Tuesday, December 14, 2010

O BEIJÓDROMO

Uma década e meia depois, a UnB inaugura o "beijódromo" imaginado por Darcy Ribeiro. Por Cynara Menezes

Uma década e meia depois, a UnB inaugura o “beijódromo” imaginado por Darcy Ribeiro



Nuvens claras cobriam o céu de Brasília na quarta-feira 8. Fazia calor, mas, graças às paredes laterais móveis, uma brisa fresca circulava pelo auditório. Do lado de fora, nos bancos ao redor do espelho-d’água que circunda o prédio, a temperatura estava parti-cularmente agradável por causa dos chafarizes instalados no fosso, cujos borrifos são aproveitados para refrescar o interior do Memorial Darcy Ribeiro. Enfim, tudo parecia conspirar a favor de uma tarde propícia para beijos à farta, mas não se viam muitos pombinhos arrulhando por ali.

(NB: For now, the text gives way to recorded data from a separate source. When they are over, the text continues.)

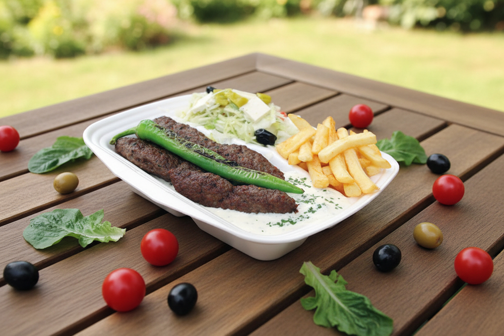 Drehfleisch & Köfte mit Pommes, gebratenen Zwiebeln, gemischtem Salat, Zaziki oder Salatsoße & Brot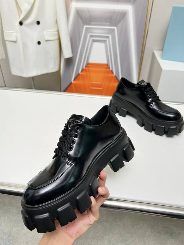 上新了 Prada普拉达 年早春夏升级版三角标厚底的设计上脚能增高不少哦! 原版购入拆卸复刻 还原正品味道 顶级代购版本! 鞋面原版开边珠牛皮 超有质感 内里 垫脚采用顶级混种羊皮 Zp开模成型大底 防滑耐磨 女款 35-41 出厂价P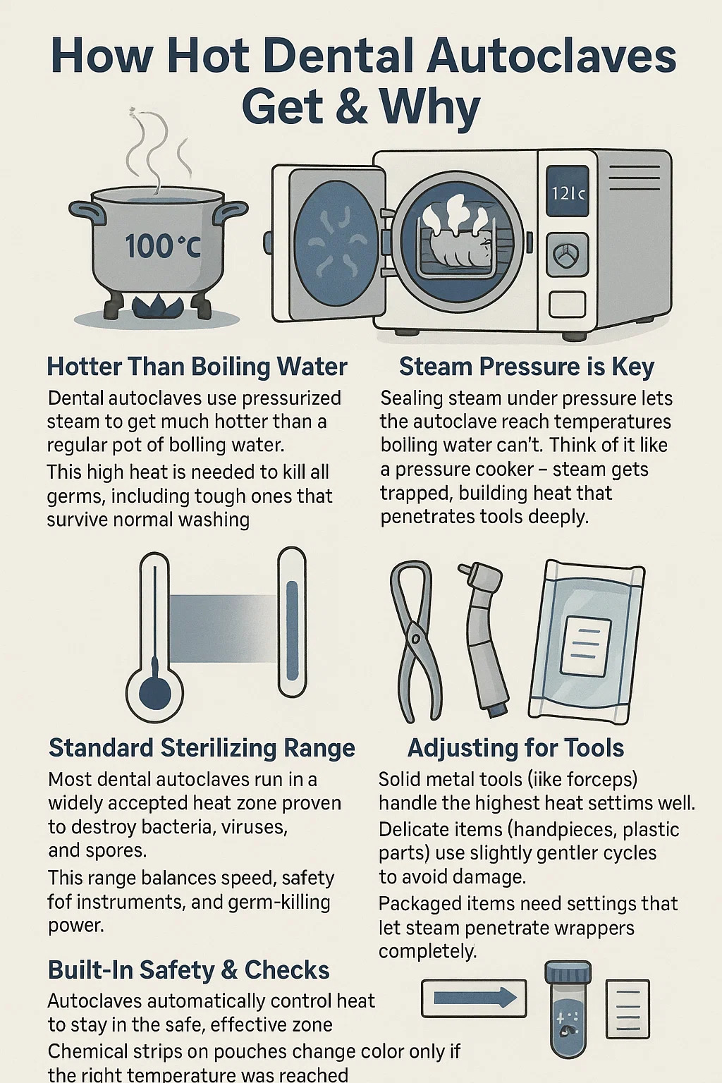 De fleste tannautoklaver kjøres i en allment akseptert varmesone som er bevist å ødelegge bakterier, virus og sporer.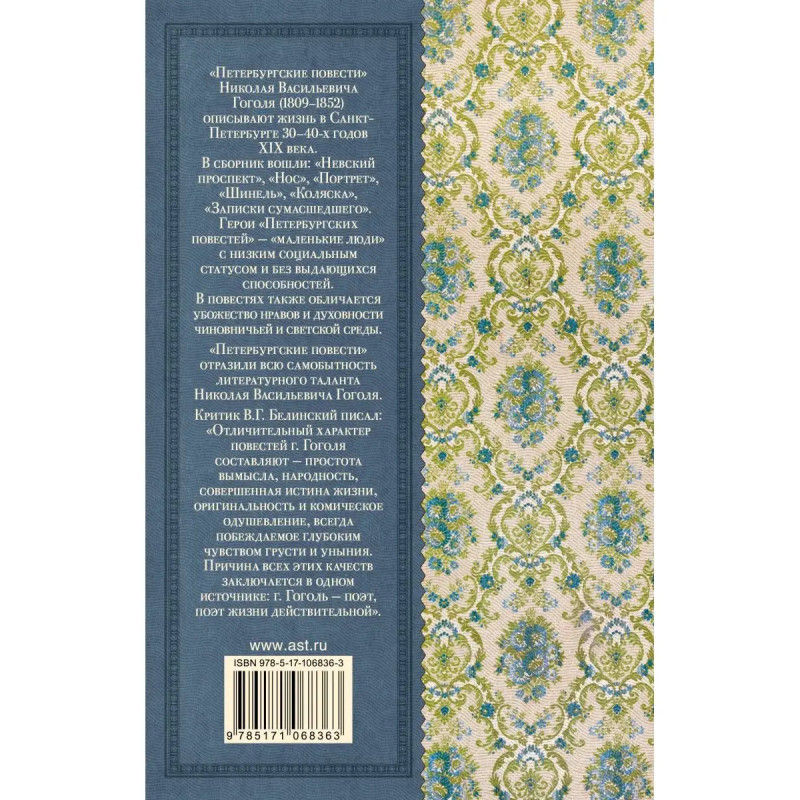 "Петербургские повести" Николая Васильевича Гоголя (1891852) описывают жизнь в Санкт-Петербурге 34-х годов XIX века. В сборник вошли: "Невский проспект", "Нос", "Портрет", "Шинель", "Коляска", "Записки сумасшедшего". Герои "Петербургских повестей" "маленькие люди" с низким социальным статусом и без выдающихся способностей. В повестях также обличается убожество нравов и духовности чиновничьей и светской среды. "Петербургские повести" отразили всю самобытность литературного таланта Николая Васильевича Гоголя. Критик В.Г. Белинский писал: "Отличительный характер повестей г. Гоголя составляют простота вымысла, народность, совершенная истина жизни, оригинальность и комическое одушевление, всегда побеждаемое глубоким чувством грусти и уныния. Причина всех этих качеств заключается в одном источнике: г. Гоголь поэт, поэт жизни действительной".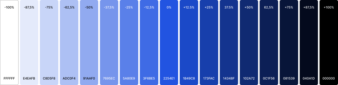 Secondary colors are shades of the primary Clockify blue. They are determined as steps toward lightness or darkness, forming a balanced spectrum around the central product color.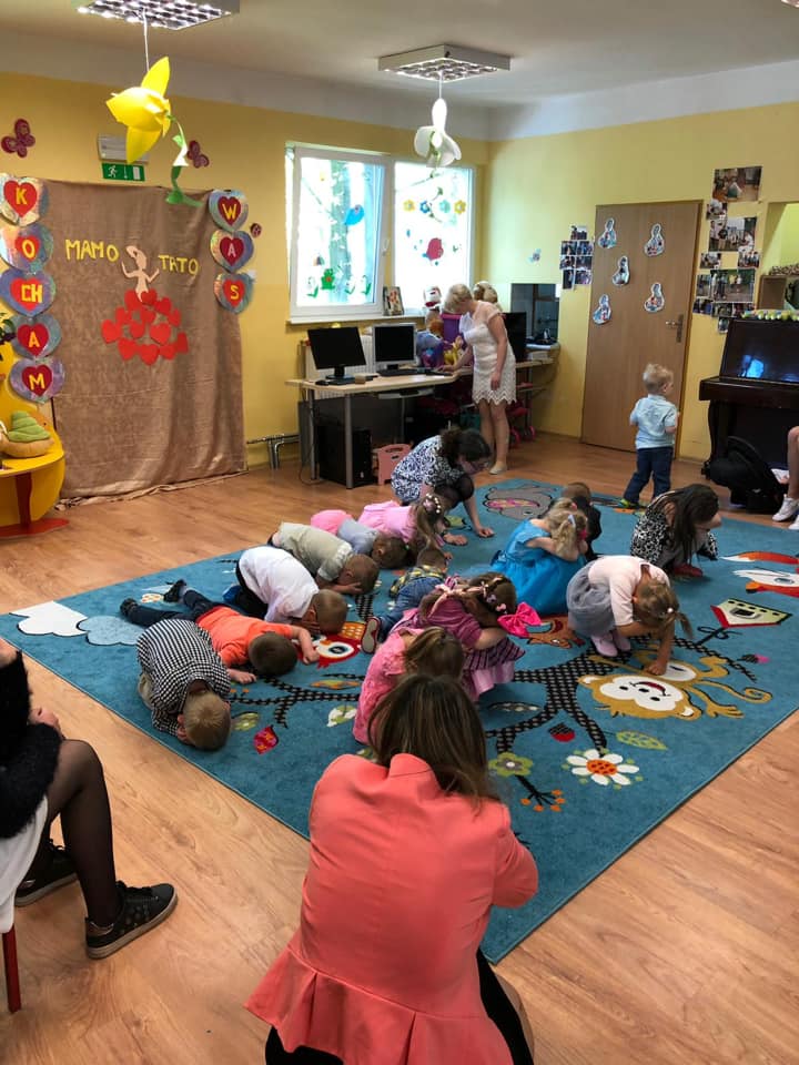 "Dziś w Przedszkolu wielkie święto ! Mama z buzią uśmiechniętą, Tata też zadowolony śle uśmiechy w wszystkie strony 😊 hej rodzina dziś w Przedszkolu zabawę zaczyna , każdy synek, każda córka ma bukiet życzeń i uśmiech - najpiękniejsza laurka !” Dzień Rodziny w naszym Przedszkolu rozpoczął się występem dzieci dla rodziców w klimacie cza cza i disco polo a zakończył zumbą i wspólną makareną, były prezenty, konkursy dla tatusiów i mam a także słodka niespodzianka 😊

O beijódromo sonhado pelo antropólogo e ex-senador Darcy Ribeiro em 1996, um ano antes de sua morte, foi finalmente inaugurado por Lula na segunda-feira 6. Acompanhado do colega uruguaio José Mujica, amigo de Darcy, e do ministro da Cultura, Juca Ferreira, o presidente enfrentou o protesto de um grupo de estudantes contra o reitor da universidade, para quem o memorial não era tão urgente quanto outras obras.







Apressada em uma semana para tornar possível a vinda de Mujica, que transmitiu o desejo de estar presente à cerimônia, a obra podia até não ser urgente, mas repara uma dívida antiga da UnB com Darcy, seu criador, ao lado do educador Anísio Teixeira. O antropólogo idealizara uma universidade-modelo e trouxera para a capital do País, em 1961, mais de 200 educadores, cujo talento pretendia utilizar para, em -suas palavras, “plantar a sabedoria humana”. Veio o golpe militar e a universidade teve seu destino desvirtuado, mas o acadêmico, que partiu para o exílio, nunca deixaria de considerar a UnB como sua “filha”.



No memorial, há uma exposição permanente sobre a obra e a vida de Darcy, com objetos indígenas e de uso pessoal, folhetos de sua carreira política, fotos e documentos, como uma carta que escreveu ao economista Celso Furtado em 1969. Exilado na Venezuela, Darcy se encontrava em apuros com a Universidade de Caracas, também invadida por militares, e enviava a Furtado seu currículo, em busca de emprego. Ao lado da exposição, no primeiro andar, a biblioteca tem cerca de 30 mil volumes, do acervo dele e de sua primeira mulher, a também antropóloga Berta G. Ribeiro.



Mas o xodó do complexo é mesmo o beijódromo propriamente dito: o auditório do memorial, onde acontecerão shows- e palestras a partir de fevereiro. Na ideia que Darcy, já enfraquecido pelo câncer, transmitiu ao arquiteto João Filgueiras, o Lelé, um dos talentos que ele trouxe para a universidade na época de sua criação, “trata-se de um amplo palco ao ar livre para serestas e leitura de teatro e poe-sia, defronte de uma arquibancada para 200 olharem a lua cheia e se acariciarem. Eu, lá de longe, estarei vendo, feliz”.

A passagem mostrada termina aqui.